The Finborough is celebrating its Silver Jubilee by inviting its proprietor and former artistic director to stage a play by a man who was one of the most famous playwrights of his day.

Arthur Wing Pinero was a very big name of late-Victorian theatre but these days revivals of his works are few and far between.

The Finborough is doing a good job of reviving where others fear to tread and this production has the commendable Phil Willmott at the helm, steering a twelve-strong cast around its tiny stage.

Rose Trelawny, played with admirable calmness by Lara Agar-Stoby is the star of Sadler's Wells Theatre but, as the play opens, is retiring to marry the vacuous aristocrat, Arthur Gower (Hywel John).

After the farewells from her "gypsy" friends, she turns her back on the stage and becomes guest of Arthur's grim, choleric grandfather Sir William Gower, brought to dramatic, if unpredictable, life by James Horne; and his grimmer sister, Ursula Mohan's wonderfully christened Trafalgar, as a recognisance of the year of her birth.

There, Miss Trelawny constantly embarrasses herself with her relaxed ways. Soon, she gives up her man to return to the theatre but by this point, has a bad dose of airs and graces (and love) that tame her acting.

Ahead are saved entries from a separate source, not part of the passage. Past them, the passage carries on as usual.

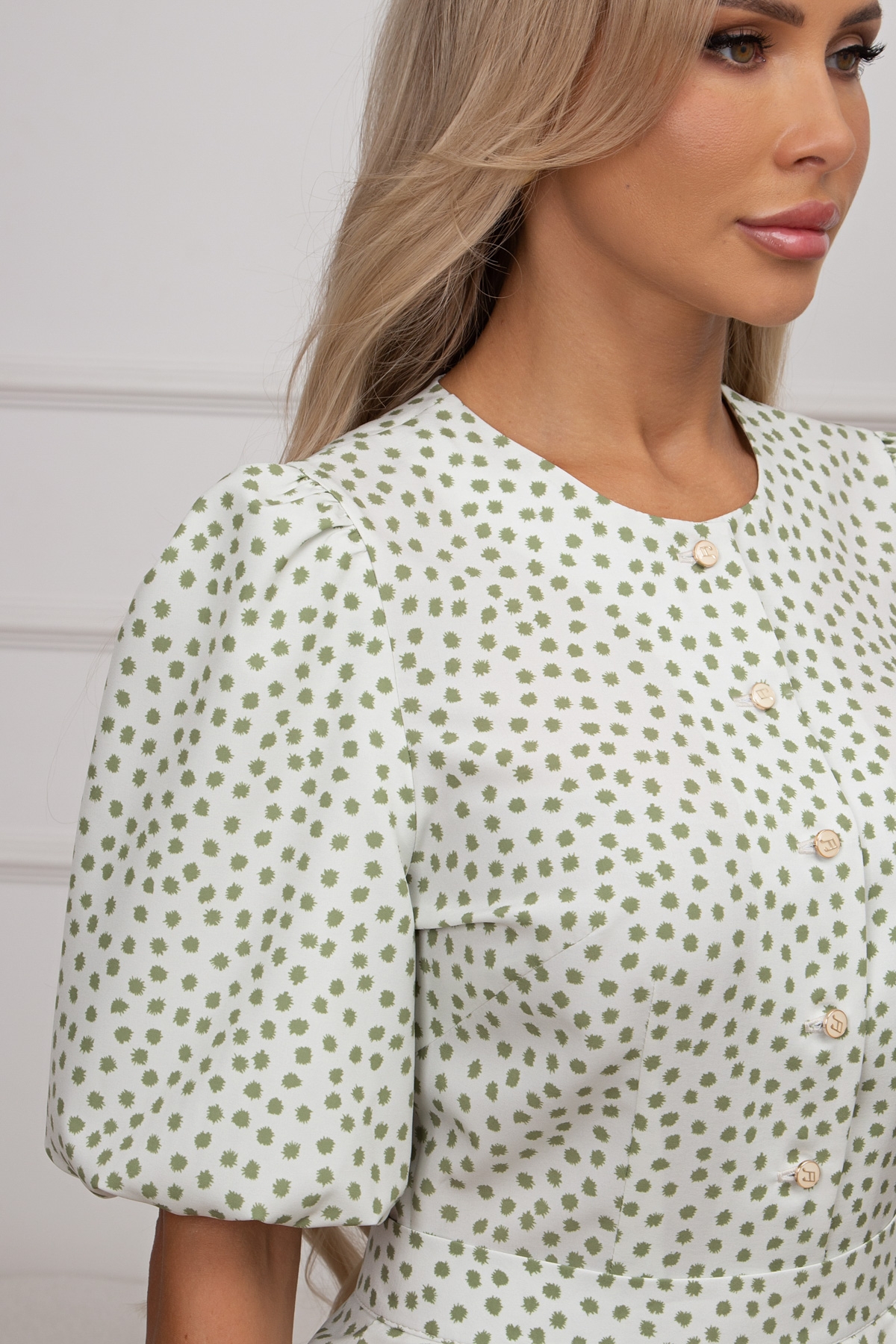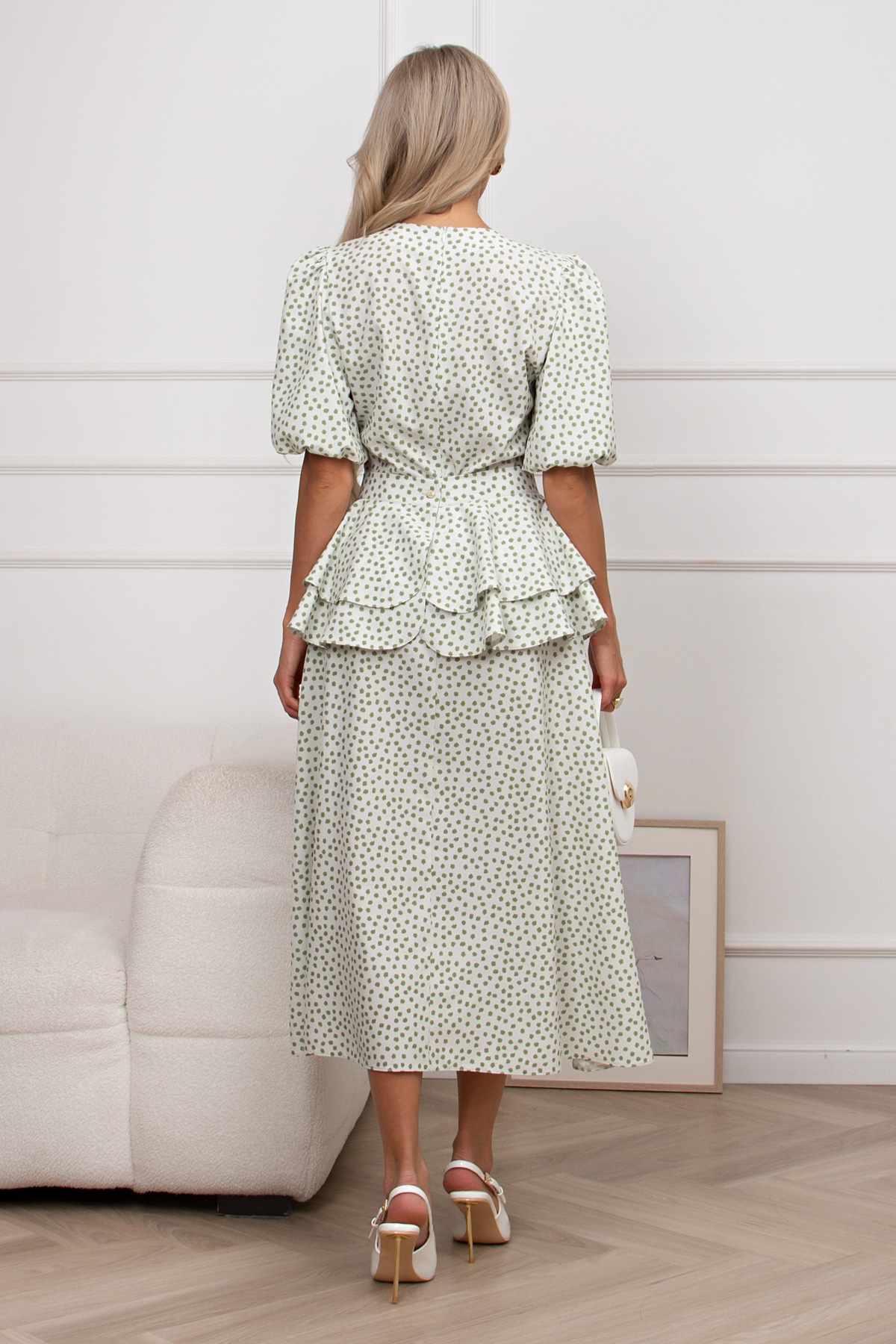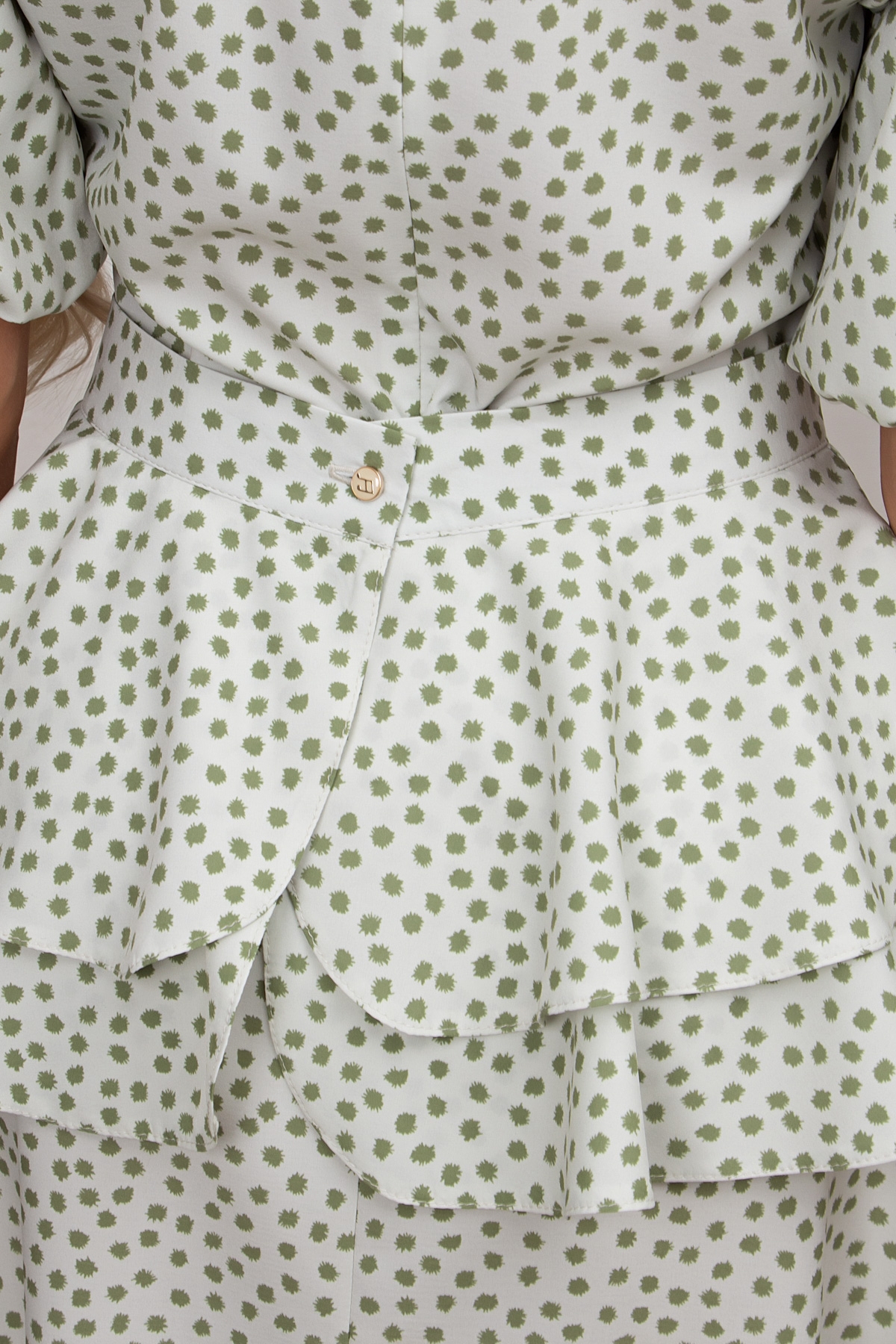 Романтичное летнее платье со съемной баской изготовлено из текстильного полотна. Округлая горловина на внутренней обтачке переходящая в планку с застежкой на петли и пуговицы. Втачной рукав - фонарик на подкладке. Модель обрезная по линии талии. В среднем шве спинки застежка на потайную молнию. Низ ровный,без разрезов.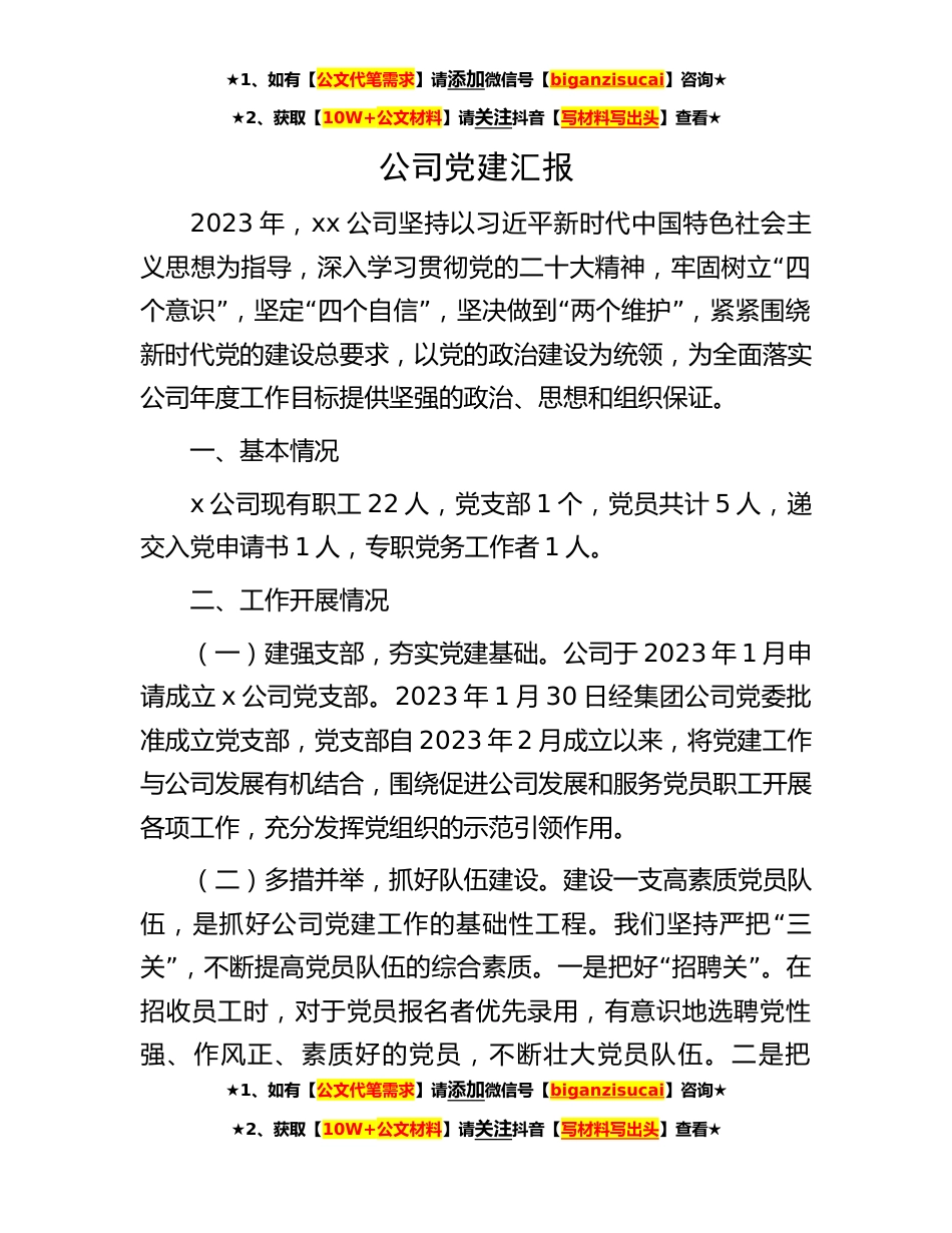 ★1、如有【公文代笔需求】请添加微信号【biganzisucai】咨询★★2、获取【10W+公文材料】请关注抖音【写材料写出头】查看★公司党建汇报2023年,xx公司坚持以习近平新时代中国特色社会主“义思想为指导,深入学习贯彻党的二十大精神,牢固树立四”“”“”个意识,坚定四个自信,坚决做到两个维护,紧紧围绕新时代党的建设总要求,以党的政治建设为统领,为全面落实公司年度工作目标提供坚强的政治、思想和组织保证。一、基本情况x公司现有职工22人,党支部1个,党员共计5人,递交入党申请书1人,专职党务工作者1人。二、工作开展情况(一)建强支部,夯实党建基础。公司于2023年1月申请成立x公司党支部。2023年1月30日经集团公司党委批准成立党支部,党支部自2023年2月成立以来,将党建工作与公司发展有机结合,...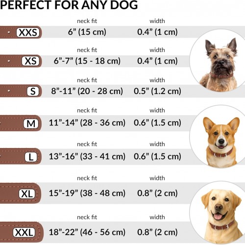 - SUITABLE FOR ALL BREEDS: Our dog collars for small dogs and big dogs come in a variety of sizes. Please check out our size chart before purchasing a leather collar for dogs. The dog collar leather is 0.6 inches wide, 17 inches long, and neck sizes of 12 – 15 inches.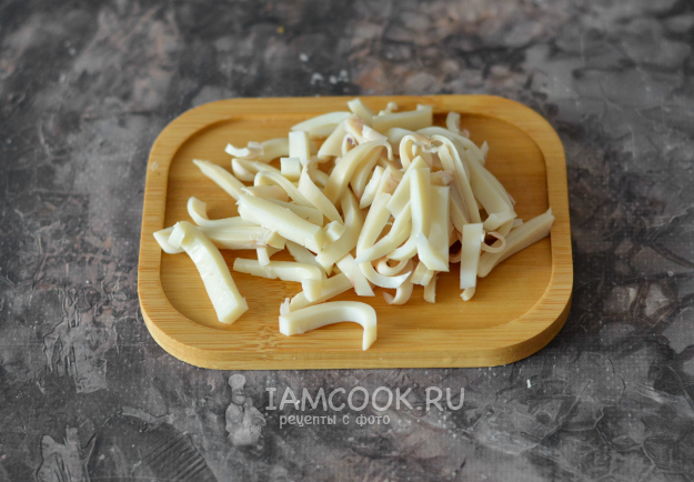 Варёных остывших кальмаров нарежьте короткой соломкой.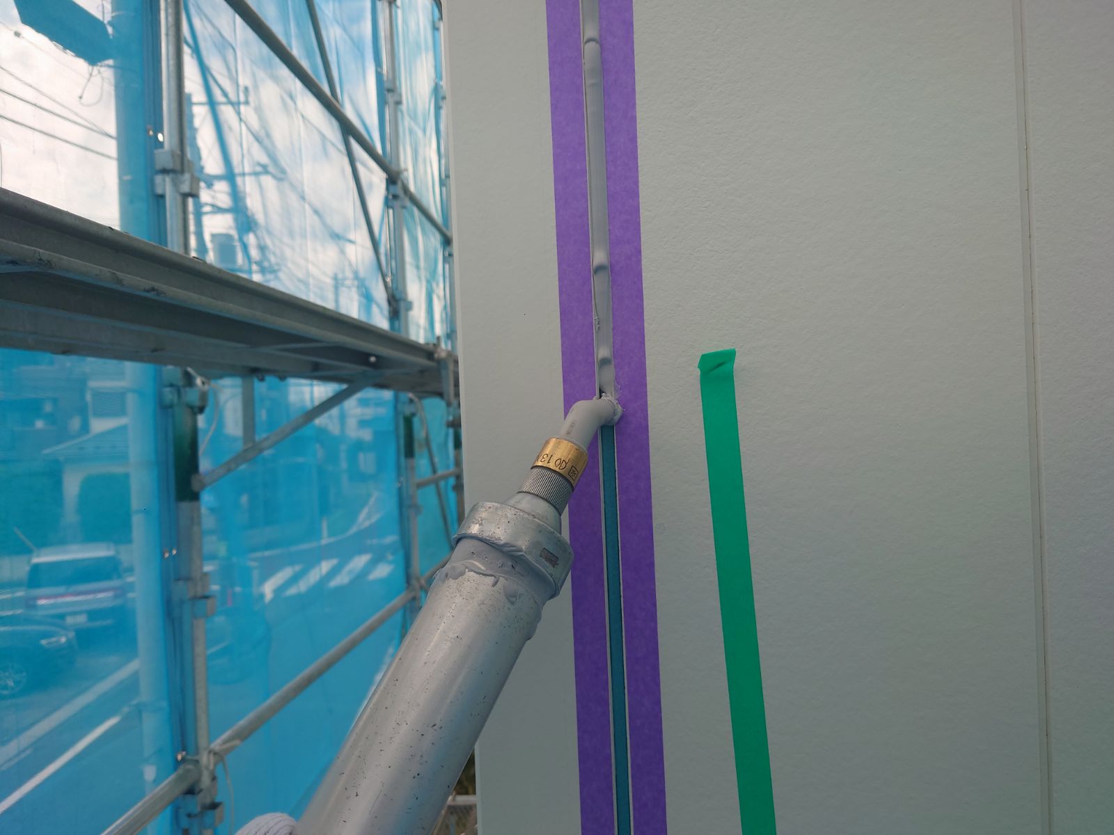 コーキングの乾燥後に外壁の塗装をしました。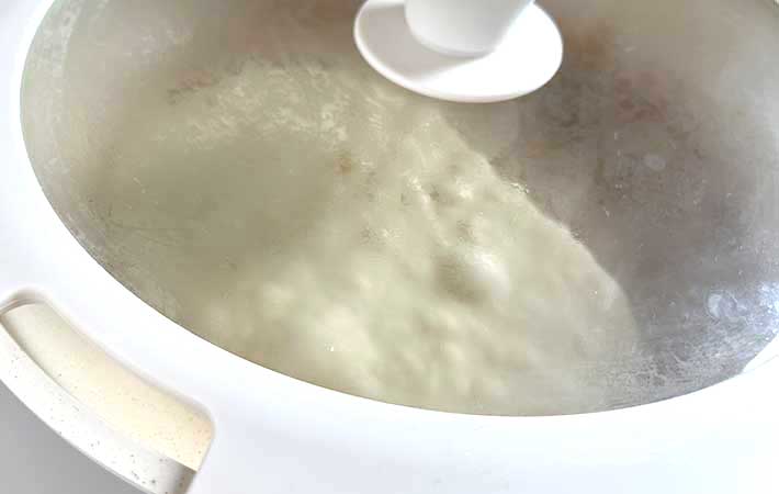沸騰したお湯に入れて5~7分、または、深めの耐熱容器に移してラップをし、レンジで温めることもできます。

All comes right, both romantically and theatrically in the end. This is thanks to Elliot Hill and Alexandra Aitken playing Tom Wrench and Imogen Parrot, a would-be playwright and stage manageress who want to bring a new genre to the stage, realism. For this they require funding, a star actress and a lead actor.

Without too much concern for consistent characterisation, Pinero achieves this with help from a surprise star turn and a superb and rather moving speech from Avonia Gadd (Helen Marie Weaver).

The story is based on that of playwright Tom Robertson, a kind of British Ibsen and his impresarios Sir Squire Bancroft and Marie Wilton (immortalised in the Music Hall).

Willmott is as familiar with the Finborough as anyone but has come up with something that would work better in a larger space. This is no comment on Alex Marker's design which deserves to win awards. It effortlessly transforms from stage to drawing room and then wings. The costumes too are spectacular, none more so that that adorning Miss Aitken, which is topped by a pair of floating, spangly golden butterflies.

This affectionate look at theatre people is ultimately consumed by excessive effort to draw out the comedy at the expense of trusting the, admittedly melodramatic, plot and characters. This leaves a light entertainment where perhaps something more meaningful was intended by the playwright.